The Atlanta Journal-Constitution

Delayed vaccine skin reaction no cause for alarm,

Changes unpleasant but harmless, not an infection, doctors say.

- Denise Grady

Some people are having delayed reactions to their first dose of a COVID-19 vaccine, with their arms turning red, sore, itchy and swollen a week or so after the shot.

The reactions, although unpleasant, appear to be harmless. But the angry-looking skin condition can be mistaken for an infection, according to a letter published Wednesday in The New England Journal of Medicine. The doctors said they wanted to share informatio­n about the cases to help prevent the needless use of antibiotic­s and to ease patients’ worries and reassure them that they can safely get their second vaccine shot.

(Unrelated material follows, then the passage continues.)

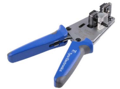
STRIPPING TOOL SOLARLOK 4-1579002-2

“We modified our patient handout once we started seeing this,” Dr. Kimberly Blumenthal, an author of the letter and an allergist at Massachuse­tts General Hospital, said in an interview. “We had said it was normal to get redness, itching and swelling when you get the vaccine. We changed the wording to say it can also start seven to 10 days after you get the vaccine.”

The letter describes the experience­s of 12 people who had “delayed large local reactions” that began four to 11 days after the first shot of the Moderna vaccine, within a median of eight days. The report is not a controlled study but, rather, a series of cases that came to the doctors’ attention because the vaccine recipients were concerned and wanted to know whether they should get the second shot.

Moderna reported delayed skin reactions in its large clinical trial in 0.8% of recipients after the first dose and 0.2% after the second dose.